A team showed me their new AI feature last month. It was a support assistant built into their product. The demo was clean. They typed five questions, the assistant answered all five well, the room nodded, and the CEO asked when it could go live.
That conversation happened four months ago. The feature still has not shipped.
Nothing dramatic went wrong. The team just kept finding answers that were slightly off. A refund question handled correctly on Monday was handled wrong on Thursday. A fix for one bad answer quietly broke three good ones. Every week the assistant felt almost done, and every week a new bad answer showed up. Nobody could say whether it was getting better or worse, because nobody was measuring it.
This is the most common way an AI project dies in 2026. Not a crash. Not a cancelled budget. Just a slow loss of confidence, because the team built the feature but never built a way to test it.
The habit that fixes this has a boring name. Evals, short for evaluations. It is the single clearest line I see between teams that ship AI features and teams that stay stuck in demo mode. Here is what an eval is, why it works, and how to start without buying anything.

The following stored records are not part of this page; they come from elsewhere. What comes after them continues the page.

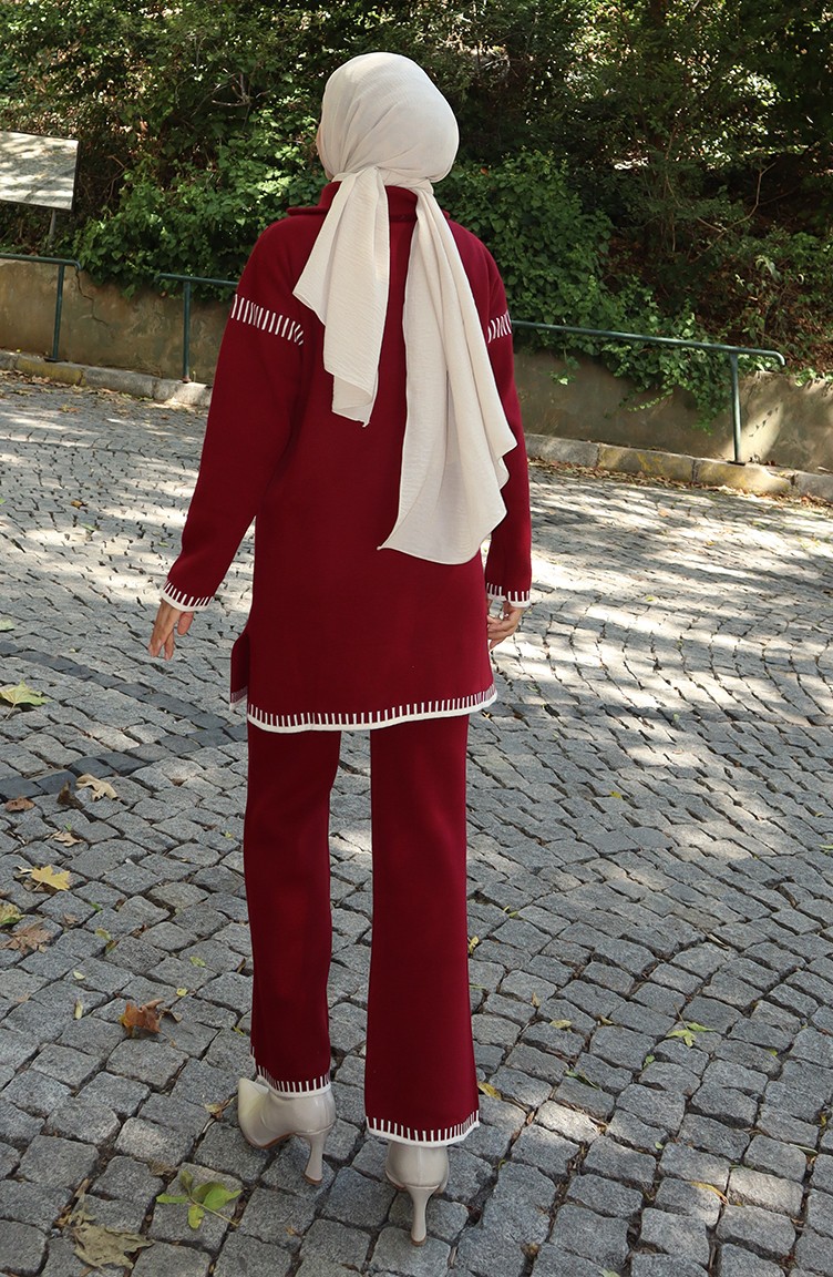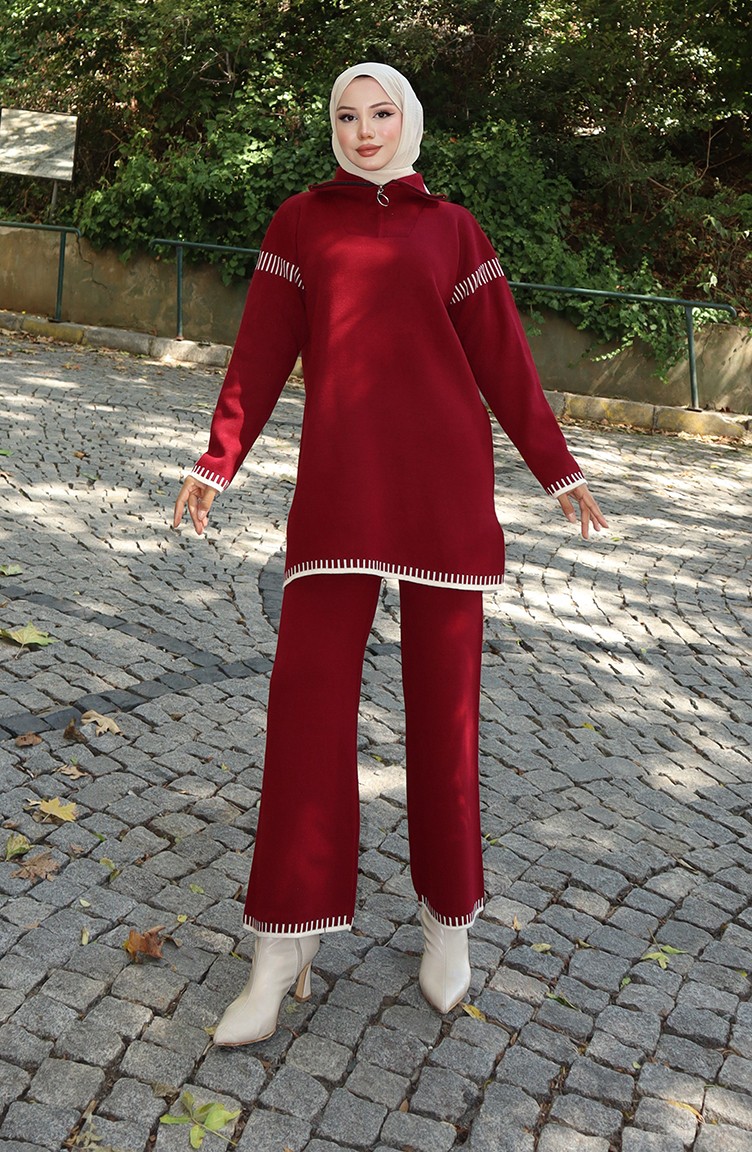 Gebreid Tuniek Met Ritskraag Broek Tweedelig Pak 1061-01 Bordeauxrood 1061-01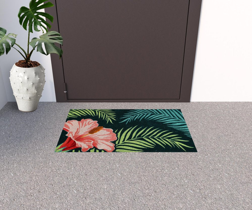 18" X 30" Blue and Pink Coir Tropical Outdoor Door Mat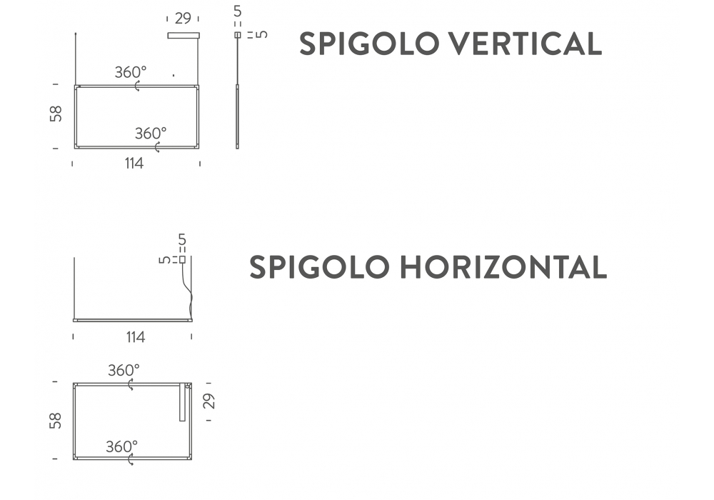 | Dimensioni | 114 x 5 x H 58 cm (Vertical); 114 x 58 x H 5 cm (Horizontal). |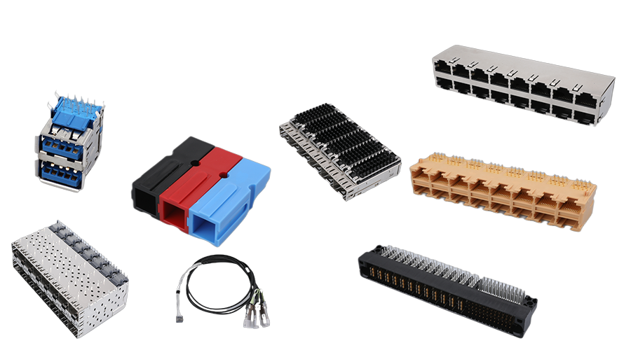 網(wǎng)絡(luò)連接器 (集成RJ45系列和普通RJ45系列)、高速連接器(SFP/QSFP/DSFP/CFP系列)、電源連接器、高速DAC和背板高速線纜組件、BTB連接器、網(wǎng)絡(luò)變壓器、RJ11連接器系列、USB&TYPE-C系列、精密五金件等。公司產(chǎn)品廣泛應(yīng)用于包括“5G/6G”在內(nèi)的網(wǎng)絡(luò)、通訊等行業(yè),并致力于滿足新能源汽車、高端裝備、智能顯示、軌道交通、機(jī)器人等高精尖終端領(lǐng)域?qū)B接器市場(chǎng)的需求。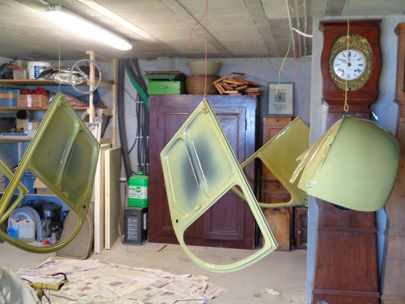 Voilà une 2cv bien désossée :) . Ici, décapage de toutes les parties de la carrosserie à la brosse rotative sur disqueuse à faible vitesse, puis ponçage au P240 à sec, puis au P400 à l'eau, puis mastic de remplissage, ponçage, mastic fin, ponçage au P400 puis P800 à l'eau du mastic, et ponçage au P1000 à l'eau: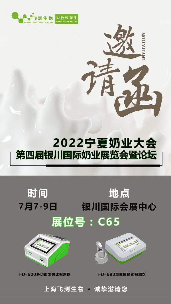 2022寧夏奶業(yè)大會暨第四屆中國(銀川)國際奶業(yè)展覽會暨論壇”將于7月7日-9日在寧夏銀川~銀川國際會展中心召開,2022寧夏奶業(yè)大會將繼續(xù)秉承助力寧夏和西北地區(qū)的奶業(yè)振興發(fā)展、以學(xué)術(shù)交流帶動展覽、以展覽促進(jìn)學(xué)術(shù)交流的辦展宗旨。致力于為政府、用戶、企業(yè)搭建溝通的橋梁和推廣新產(chǎn)品新技術(shù)貿(mào)易平臺。屆時,上海飛測生物在C65號展位,期待您的光臨。
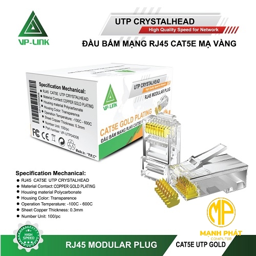 Đầu Mạng RJ45 VP-Link CAT5E Đầu Vàng (100pcs)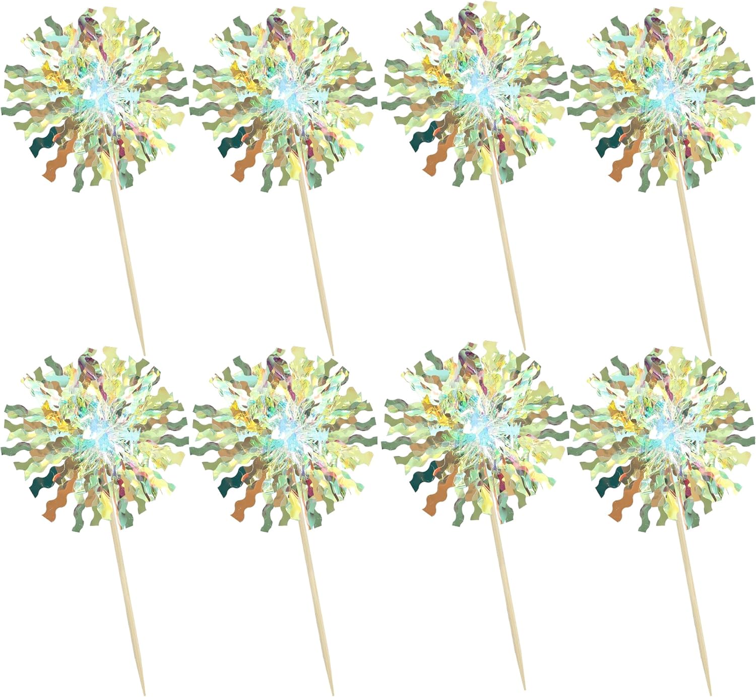 Ephlyn 30Pcs Foil Firework Cupcake Toppers Sparkle Tinsel Cupcake Picks Firework Cake Decorations Cocktail Food Fruit Toothpicks for Baby Shower Graduation Party Supplies White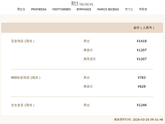 受此影响,国里面分品牌金饰价钱也随之上调,克价重回1400元。周生生足金饰品报1418元/克,单日高涨68元;老凤祥报价1408/克,单日高涨63元/克。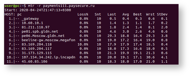 В других дистрибутивах Linux можно использовать команду traceroute payments111.paysecure.ru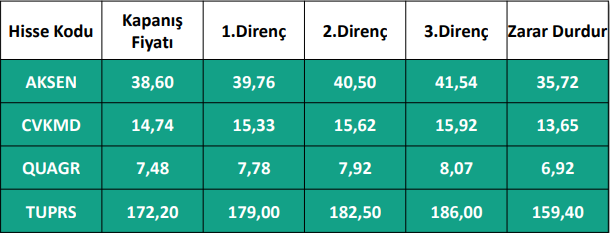 1) Haftalık Hisse Takip Listesinde yer alan hisse senetleri, Hedef Fiyat Aralığı ve Stop-Loss seviyeleri teknik analiz kriterlerine göre seçilmiştir. Liste içerisinden bireysel hisse senedi seçimi yapılması beklentilerinize uygun sonuçlar doğurmayabilir.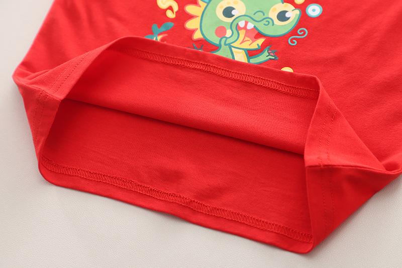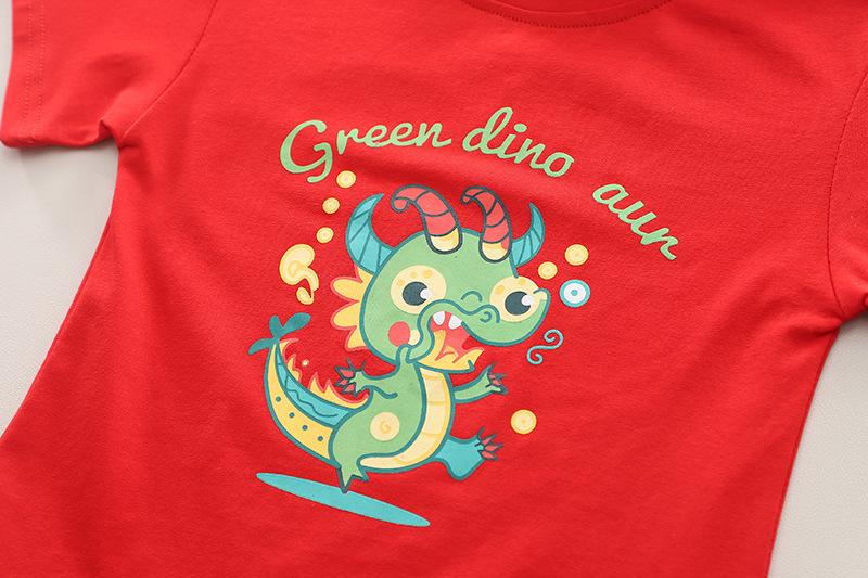 Red small dragon round neck short sleeve suit, White small dragon round neck short sleeve suit, Yellow Little ...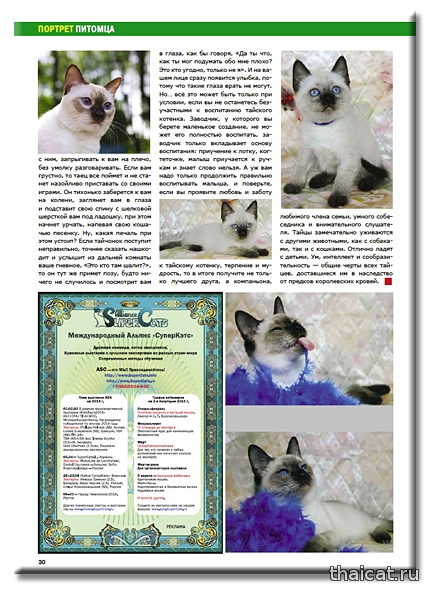 Когда я отдаю котенка новому владельцу, я всегда говорю, что тайцы это три в одном. В первую очередь — Человек, во вторую Собака и только в третью Кошка.

Why You Cannot Test AI the Way You Test Normal Software
Normal software is predictable. The same input gives the same output, every single time. That is what lets you write a test that says "when the user adds two and two, the result must equal four." The test passes or it fails. There is no middle.
An AI feature does not behave that way. The same question can produce two different answers on two different runs. The meaning may be the same, but the wording changes, the order changes, sometimes a detail appears or disappears. A test that checks for an exact string will fail constantly, even when the answer is good.
There are two more differences that matter. First, most AI questions have no single correct answer. "Summarize this ticket" can be done ten good ways and twenty bad ways. There is nothing to compare against, character for character. Second, the model itself changes under you. You swap to a newer model to save money or gain speed, and behavior you never tested suddenly shifts. Normal software does not rewrite itself when you upgrade a library.
So the old testing toolkit does not fit. Checking that output equals an expected value works for a checkout calculation. It falls apart for a feature whose whole job is to produce language. You need a way to measure quality that accepts variation, scores behavior instead of exact words, and gives you a number you can trust over time.
What an Eval Actually Is
Strip away the jargon and an eval is three simple things.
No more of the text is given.